ELI5 rclone's encryption algorithm? How proprietary is it?

What is the problem you are having with rclone?

I've been using rclone for years and encrypting my data before it goes online. I love it.

But now I'm trying to better understand how the encryption works and how proprietary the whole algorithm is? I read https://rclone.org/crypt/, specifically https://rclone.org/crypt/#file-encryption, and get what is going on but it does seem as though the algorithm is slightly proprietary. For example, the 8 bytes of magic string.

But then I don't know enough about encryption at large.

My thought was, say tomorrow rclone is wiped from the internet, and every derivative -- all of the code and everything -- then how easy will it be to unencrypt my data? Or say, I have a local copy of my unencrypted data, but for reasons cannot install rclone or any non standard app.

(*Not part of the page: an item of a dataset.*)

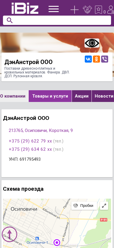 SEO-описание | ДэнАнстрой ООО - Поставки древесно-плитных и кровельных материалов. Фанера. ДВП. ДСП. Рулонная кровля.. Схема проезда, контактные телефоны, адрес компании ДэнАнстрой ООО. 213765, Осиповичи, , Короткая, 9 |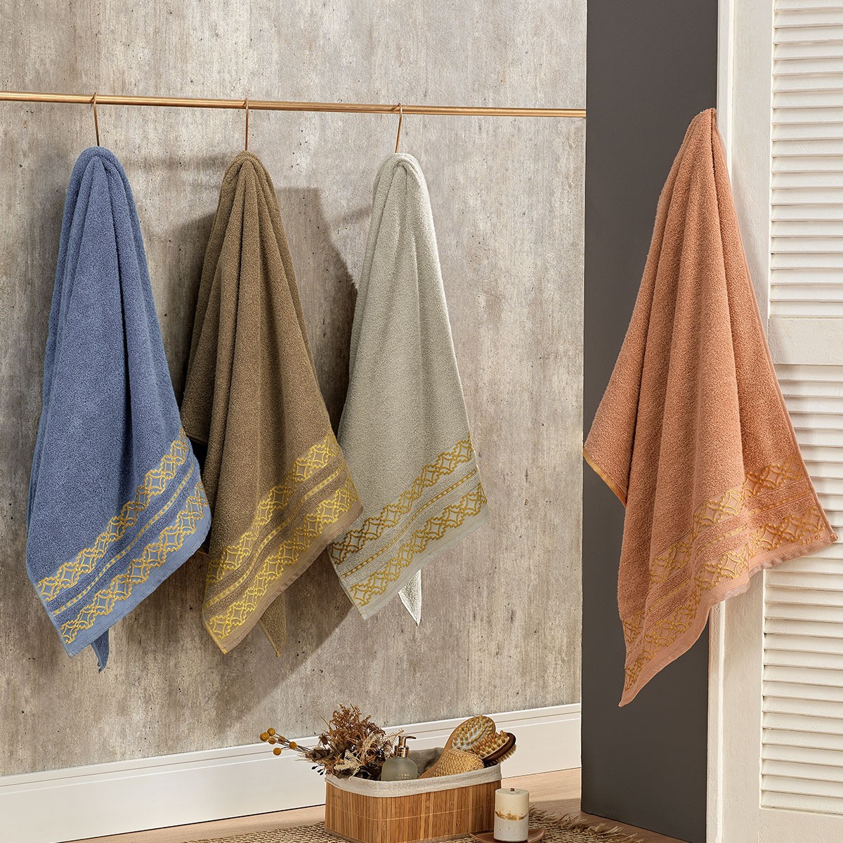 Seu design exclusivo apresenta uma elegante barra decorada com motivos inspirados na arte grega e delicados detalhes em jacquard com fio dourado, trazendo um toque de requinte ao seu banheiro sem abrir mão da funcionalidade que você precisa.

If it was using an established standard like OpenSSL or RSA or something, then I would just have to know the key to decrypt my data.

I realize this concern is highly improbable but I am curious.

I searched the bit for any discussions on proprietary and found one but it never digs into the question I am asking.

I know it uses XSalsa20 and Poly1035 but, if I understand things, it's up to the application for how they want to implement those. The formula rclone is using to encrypt using those encryptions, is it something custom/unique to rclone or is it the same everywhere?

And the other part of this is, what if rclone changes the encryption algorithm? How backwards compatible will everything be? Or is that up to the developer?

Run the command 'rclone version' and share the full output of the command.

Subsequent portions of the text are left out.